# Should Amtrak implement Starlink on long distance trains?



## JermyZP (Oct 19, 2021)

Starlink is a satellite internet service that covers a majority of the earth surface. Right now it's in beta testing but it's planning to have fast and reliable internet anywhere in the world. I think it would be best if Amtrak study a possible implementation of Starlink on long distance trains. Maybe the equipment can be stored In the baggage car to keep within the clearance or even include it as a requirement on replacement LD cars? What are your thoughts on this idea?


----------



## flitcraft (Oct 19, 2021)

Welp...probably not, at least not the version currently being beta-tested. Starlink review: broadband dreams fall to Earth
If you don't feel like reading the whole story, just skip down to the part where it says if there is a single tree in the way of the signal, it won't work. Seems like a deal-breaker for LD trains that run in areas with trees, which is most of them most of the time.


----------



## west point (Oct 19, 2021)

Maybe the tree problem can be mitigated by multiple antennas on different cars ? If antennas are automatically steerable that might mitigate the cell phone reception problem ?


----------



## jis (Oct 20, 2021)

It might make more sense to entice some cellular operator to put up filler towers.

The Europeans adopted GSM-R as a standard and installed it along all rail routes. They are able to steal channels in the GSM-R infrastructure to provide internet connectivity reliably on trains. We have a per railroad network using various different standards with no commitment to provide any communication connectivity beyond what is minimally required for PTC. As mentioned in the article our Telecom policy is truly f*cked up, discouraging competition and encouraging facility based monopoly. We live in a through the looking glass world of facility monoploly based make believe competition as far as telecom goes.


----------



## Ryan (Oct 20, 2021)

Agreed, a solution that depends on line of sight is a terrible plan for a train that goes through things like cities and forests.


----------



## me_little_me (Oct 20, 2021)

jis said:


> It might make more sense to entice some cellular operator to put up filler towers.
> 
> The Europeans adopted GSM-R as a standard and installed it along all rail routes. They are able to steal channels in the GSM-R infrastructure to provide internet connectivity reliably on trains. We have a per railroad network using various different standards with no commitment to provide any communication connectivity beyond what is minimally required for PTC. As mentioned in the article our Telecom policy is truly f*cked up, discouraging competition and encouraging facility based monopoly. We live in a through the looking glass world of facility monoploly based make believe competition as far as telecom goes.

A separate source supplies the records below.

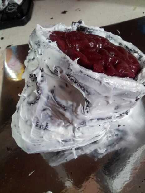 Después de conseguir las cavidades del cerebro talladas hacia fuera, es hora de heladas el pastel con una capa de migas.
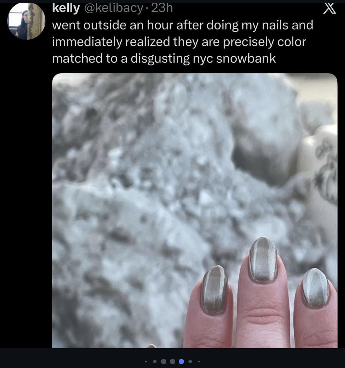 it was super cool to spot a random lacquerista in the wild showing off how their mani looks like NYC snowbanks😂
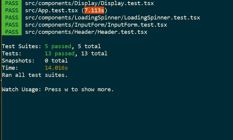 In the React app, run yarn test.
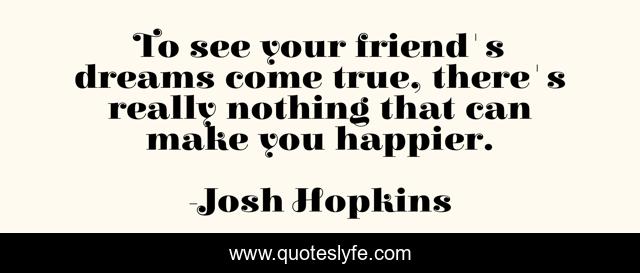 This page presents the quote "To see your friend's dreams come true, there's really nothing that can make you happier.". Author of this quote is Josh Hopkins. This quote is about see, friend,.
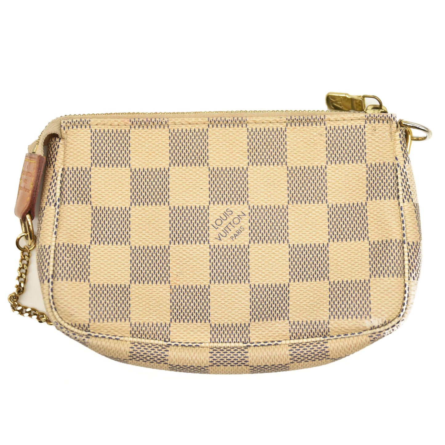 This is an authentic LOUIS VUITTON Damier Azur Mini Pochette Accessories. This stylish small pochette is crafted of Louis Vuitton signature damier azur check coated canvas. The bag features a polished gold wristlet and a top zipper that opens to an ivory fabric interior.
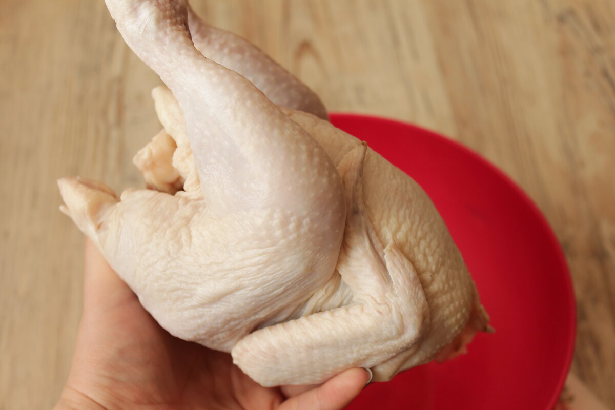 Вот такое чудо мне сегодня муж принёс из магазина... Когда я попросила его купить курицу! А потом ещё и сам прикалывался, говоря "до Магнита пешком шла...". Всего 700 г., цыплёнок... А что можно из цыпленка приготовить... Первое, что пришло мне на ум — это "Цыплёнок табака (тапака)"! Вот, его и решила приготовить... Для приготовления взяла: Курицу, ха-ха, цыпленка весом 700 г 5 зубчиков чеснока Столовую ложку топлёного сливочного масла Примерно 30-50 мл растительного масла Соль, перец, специи... Первым делом обрабатываем курицу\цыпленка. Хорошенько моем, просушиваем кухонными бумажными полотенцами или плотными салфетками, а затем разрезаем вдоль по грудке... То есть, у цыплёнка (это чудо, курицей называть как-то неудобно) крылышки и ножки будут в растопырку... Теперь разрезанного цыпленка необходимо распластать, и кухонным молоточком слегка отбить по суставам и хребту. Если у вас нет такого молоточка, сверху на цыпленка можно положить разделочную доску и несколько раз надавить рукой.
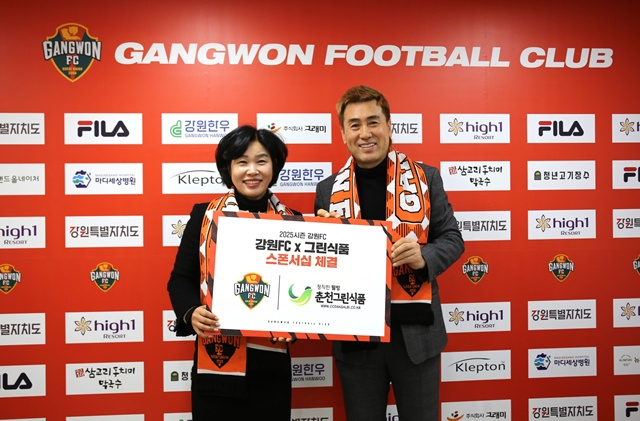 강원과 춘천그린식품은 올해 처음 손을 맞잡았다. 강원은 홈경기에서 고정식 L보드 및 공식 홈페이지 배너를 활용해 춘천그린식품 브랜드를 홍보할 예정이다. 춘천그린식품은 현금 후원을 통해 강원을 지원한다.

We do have some terrible policies. But remember when cellphone service first came out, there were no standards so companies like Verizon, AT&T and others devised their own systems. Then the Europeans saw the different systems and basically went with one like AT&T - GSM. It sometimes pays to be the first and sometimes pays to see what others have done and pick one of them.

No different than the Edison DC/Wesinghouse AC and the Beta/VHS video tape differences and so many others.


----------



## jis (Oct 20, 2021)

me_little_me said:


> We do have some terrible policies. But remember when cellphone service first came out, there were no standards so companies like Verizon, AT&T and others devised their own systems. Then the Europeans saw the different systems and basically went with one like AT&T - GSM. It sometimes pays to be the first and sometimes pays to see what others have done and pick one of them.
> 
> No different than the Edison DC/Wesinghouse AC and the Beta/VHS video tape differences and so many others.

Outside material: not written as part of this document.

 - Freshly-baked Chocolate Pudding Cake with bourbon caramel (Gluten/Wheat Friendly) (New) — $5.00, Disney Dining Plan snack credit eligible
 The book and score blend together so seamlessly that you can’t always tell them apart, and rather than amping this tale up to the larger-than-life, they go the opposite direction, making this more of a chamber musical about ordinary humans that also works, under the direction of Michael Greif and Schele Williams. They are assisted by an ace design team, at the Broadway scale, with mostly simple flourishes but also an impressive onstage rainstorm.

In the context of the discussion in this thread, the important thing is that the European Railways decided to install an infrastructure that can be used on the side to provide reliable internet service on trains, where we have failed miserably. All that happened way after GSM or the other standards were developed and adopted. 

It did not matter specifically that GSM was adopted by the European railways, but that they agreed on a standard instead of each going their own way. It was hard for them to arrive at that and they struggled even more mightily to agree on their equivalent of PTC system - ETCS/ERTMS. 

For us, on the consumer communication technology side it was a failure of policy governance and not of technology or standards and it is not limited to good facilities only on trains. Facilities in rural areas suck almost as bad if not worse.

In some sense the same malady that thwarts good rail service in general in the US, also thwarts provision of good internet service on trains and across the country. It is the weird way in which facility based monopolies have been adopted as the gold standard. This is explained well in the article referred to above in this thread.


----------



## neroden (Oct 21, 2021)

jis said:


> In some sense the same malady that thwarts good rail service in general in the US, also thwarts provision of good internet service on trains and across the country. It is the weird way in which facility based monopolies have been adopted as the gold standard. This is explained well in the article referred to above in this thread.



The Republican Party has a long history (well, since the late 1980s) of actively promoting facility-based monopolies. As far as I can tell, this is the reason. It is what it is.


----------



## JoshP (Oct 23, 2021)

The answer is No. Waste of investment. First improve the system, bring dining back to all routes, upgrade train fleets and all that FIRST before doing this.


----------



## me_little_me (Oct 23, 2021)

JoshP said:


> The answer is No. Waste of investment. First improve the system, bring dining back to all routes, upgrade train fleets and all that FIRST before doing this.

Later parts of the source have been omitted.